Tuesday 7 December 2010

Gillian Clarke

http://www.gillianclarke.co.uk/home.htm
Gillian was born in Cardiff, Wales. She was a poet, playwrighter, editor and a translator. She was also a freelance tutor of creative writing, from primary school children to adults. Her poetry is massively studied by GCSE and A Level students throughout Britain. She has travelled in Europe and the United States giving poetry readings and lectures, and her work has been translated into ten languages. She has a daughter and two sons, and now lives with her husband on a smallholding in Ceredigion, where they raise a small flock of sheep, and care for the land according to organic and conservation practice.

Seamus Heaney - Follower

Most of this poem describes the skill and strength of Heaneys' father. How do each of the following lines express his fathers qualities?
a) 'His shoulders globed like a full sail strung'This shows us his father is strong and highly proffessioned at plowing. His father is a very hard worker and puts all strength and effort into his work.

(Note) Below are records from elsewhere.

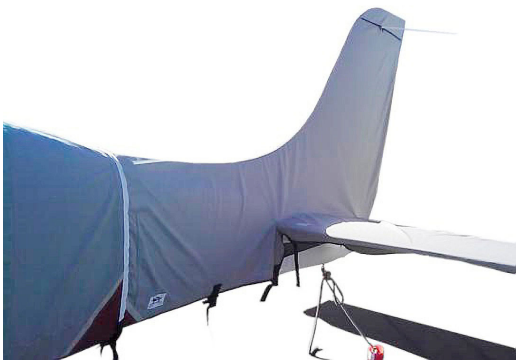
Cirrus SR20 Empennage Cover (covers tail boom, vertical and horizontal stabilizers)
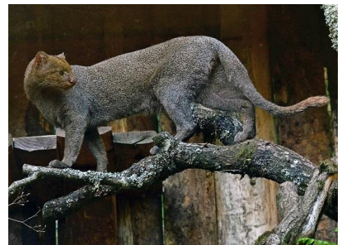
A jaguarundi, a big cat native to the Americas from Argentina to Mexico.
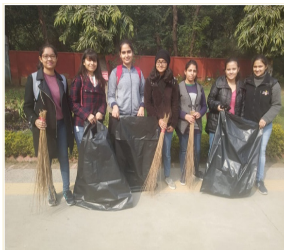
Cleanliness Drive-January 22, 2020

As a part of Swacchta Pakhwada drive students from team Avani participated in cleanliness drive on January 22nd, 2020. The students were given broom and poly-bags to clean the college campus.
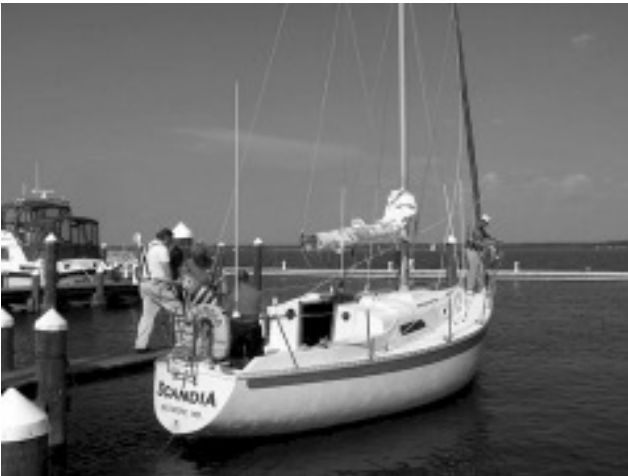
Scandia gets underway.
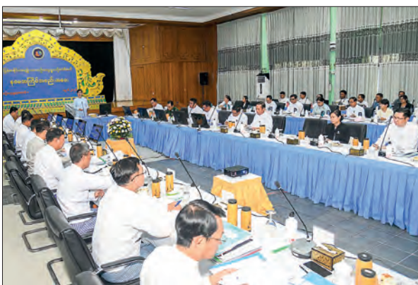
Vice-President Nan Ni Ni Aye addresses the ninth meeting of the Myanmar National Culture Central Committee yesterday.

Speaking at the meeting, the Vice-President said the national cultural heritage, which has endured for thousands of years, is a source of national pride and must be preserved and passed on to future generations to ensure its sustainability. The fossilized remains of some of humanity's earliest primates were discovered in Myanmar and that prehistoric periods such as the Stone Age, Bronze Age, and Iron Age developed continuously on Myanmar land. Moreover, there were emergence of recorded history, Pyu civilization and Pyu ancient

b) 'The horses straining at his clicking tongue'Even though the horses are tired, his father is still going strong and persists on finishing his work each day. His father is a very persistant man and insists on completing each level of work at all times.

c) 'With a single pluck/Of reins, the sweating team turned around'
The shows that Seamus' father is in control. The horses follow his commands instantly; even though they are worn out.

d) 'Dipping and rising to his plod'
This continues on the nautical reference like the use of the snail in the first quote. Maybe comparing the plowing to a wave and his father to a ship as he is strong and over powering towards his work.

What do the following lines tell you about Seamus Heaney?

e) 'I stumble in his hob-nailed wake'
This shows us that the young Heaney followed in his fathers footsteps and stumbled showing his youthful excitement and clumsiness; this may mean that Heaney is impressed at his fathers work.

f) 'I was a nuicance, tripping, falling; yapping always'
This shows that when Seamus was young he was very much interested in his fathers work by asking questions constantly and interupting his fathers work. This shows that Seamus could have been seen as annoying in his fathers point of view; a nuicance.

What kind of animal does the young Heaney remind you of?
Heaney reminds me of a young, mischievous puppy. I think this as they are very loyal to there owners and can be a nuicance at times; just like Heaney as a child. Puppies are very excited animals and always getting in the way at the most complicated times. Heaney resembles this as he was constantly getting under his fathers feet while he was trying to make a living.

How has the relationship changed according to the last two and a half lines?
According to the last few lines his father now follows Heaney instead; he is now the nuicance - the situation has been reversed. Maybe this is because his father has become older by the end of the poem and now relys on his son to take care of him; just like Seamus relied on his father throughout the previous years.